Assigned task —
For the records below, please print exactly and only the lines from the one with "近日,性爱直播 工商管理教学" down to the one with "Рядом детские и спор", both ends included, omitting the pictures.

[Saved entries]
####

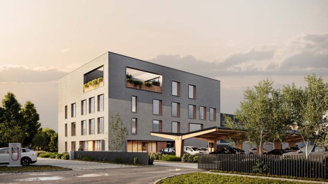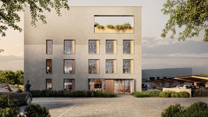 Architekti Studia Perspektiv navrhli centrálu společností GoPay a TERMS nedaleko Českých Budějovic. Projekt administrativní budovy a úpravy areálu rodinného podnikání se řídí principy udržitelnosti, potřebami zaměstnanců a požadavkem na nenáročnou údržbu. Novostavbu architekti pojali jako pasivní čtyřpatrovou dřevostavbu, jež výškou dosahuje povoleného limitu pro tento typ budov u nás, čímž se zařadí mezi nejvyšší v Česku. Areál koncipovali tak, aby v něm klient mohl uplatnit svůj zájem o vývoj technologií a získávání i uchovávání čisté energie. V souladu s tím bude provoz objektu čerpat z obnovitelných zdrojů. Kromě kultivace okolí se komplex také částečně otevře veřejnosti a poslouží regionu, například řidičům elektromobilů, kteří si zde budou moci dobít své stroje. Začátek realizace je plánován na podzim roku 2020.
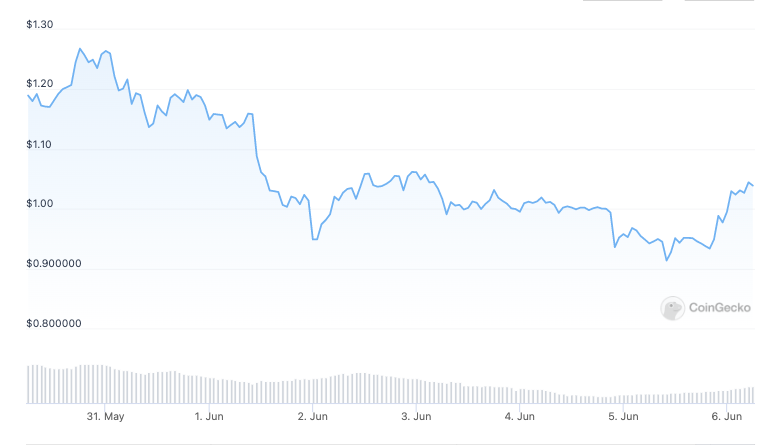 Despite the platform’s DDoS issues, Stepn’s native token, the Green Satoshi Token (GST), has not seen any critical decline over the past several days. On the contrary, the GST is up around 10% over the past 24 hours, trading at $1.04 at the time of writing. The token’s market capitalization amounts to $624 million, according to data from CoinGecko.
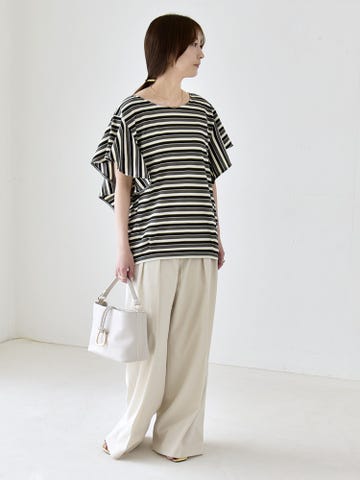 サイズ感:着丈は足首のライン。ウエストには余裕がありますがドローコードで調節可能です。タイトなシルエットですが脚のラインを拾わずにリラックスして履けました。
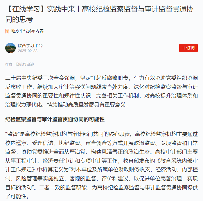 近日,性爱直播 工商管理教学部党支部书记赵杭莉与学院党委书记赵参合作撰写的文章《高校纪检监察监督与审计监督贯通协同的思考》被“学习强国”陕西省学习平台推送。该成果发表于中共陕西省纪律检查委员会、陕西省监察厅联合主办的期刊《党风与廉政》2025年第二期。
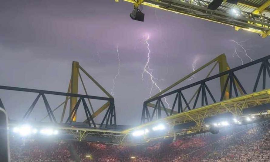 Στο 35ο λεπτό, ο διαιτητής της αναμέτρησης διέκοψε το ματς Γερμανία-Δανία λόγω κεραυνού που έπεσε κοντά στο «Signal Iduna Park».
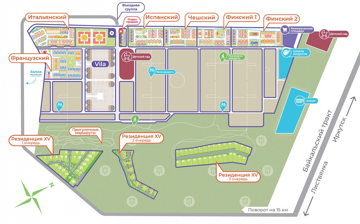 Рядом детские и спортивные площадки, на въезде магазинчики
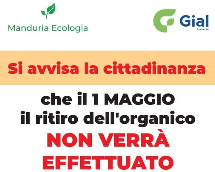 Domani, festa del Primo Maggio, il servizio di raccolta dei rifiuti non verrà effettuato: l’impianto di compostaggio resterà chiuso. A darne notizia è l’azienda appaltatrice attraverso un post.
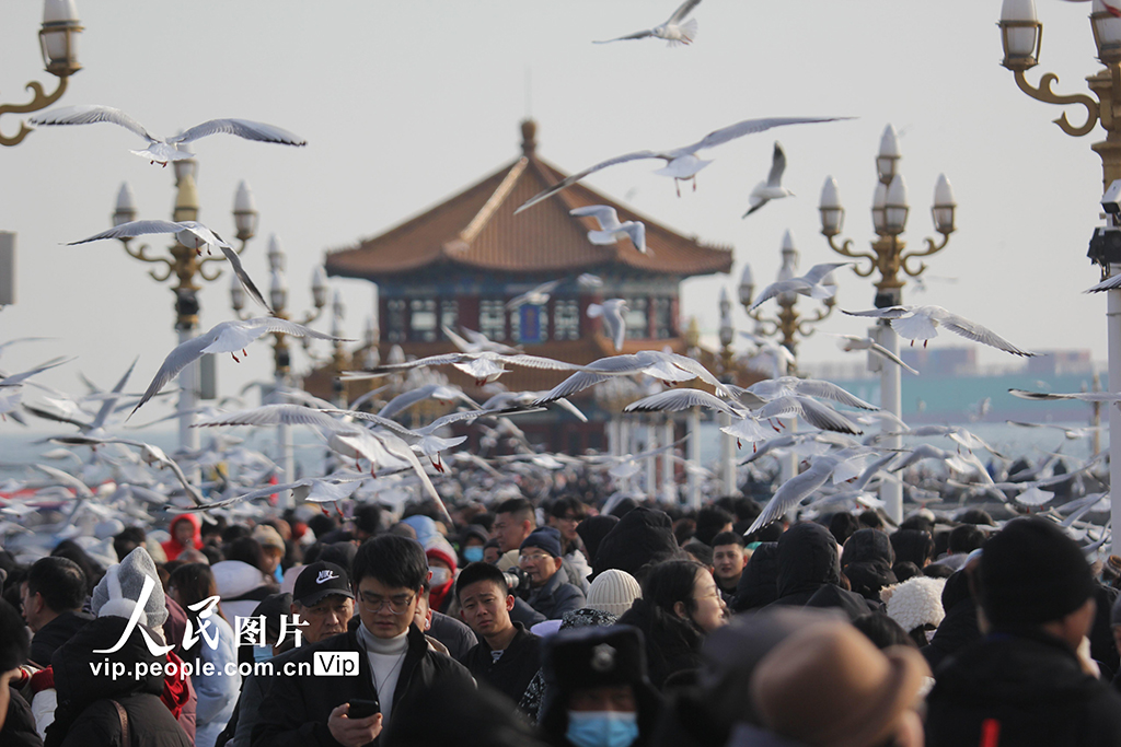 2026年1月30日,山東青島棧橋景區(qū),成群的海鷗在空中飛翔盤旋,吸引眾多游客前來(lái)觀賞互動(dòng),拍照留影。黃杰顯攝(人民圖片網(wǎng))

####

Exercise response —
 近日,性爱直播 工商管理教学部党支部书记赵杭莉与学院党委书记赵参合作撰写的文章《高校纪检监察监督与审计监督贯通协同的思考》被“学习强国”陕西省学习平台推送。该成果发表于中共陕西省纪律检查委员会、陕西省监察厅联合主办的期刊《党风与廉政》2025年第二期。
 Στο 35ο λεπτό, ο διαιτητής της αναμέτρησης διέκοψε το ματς Γερμανία-Δανία λόγω κεραυνού που έπεσε κοντά στο «Signal Iduna Park».
 Рядом детские и спортивные площадки, на въезде магазинчики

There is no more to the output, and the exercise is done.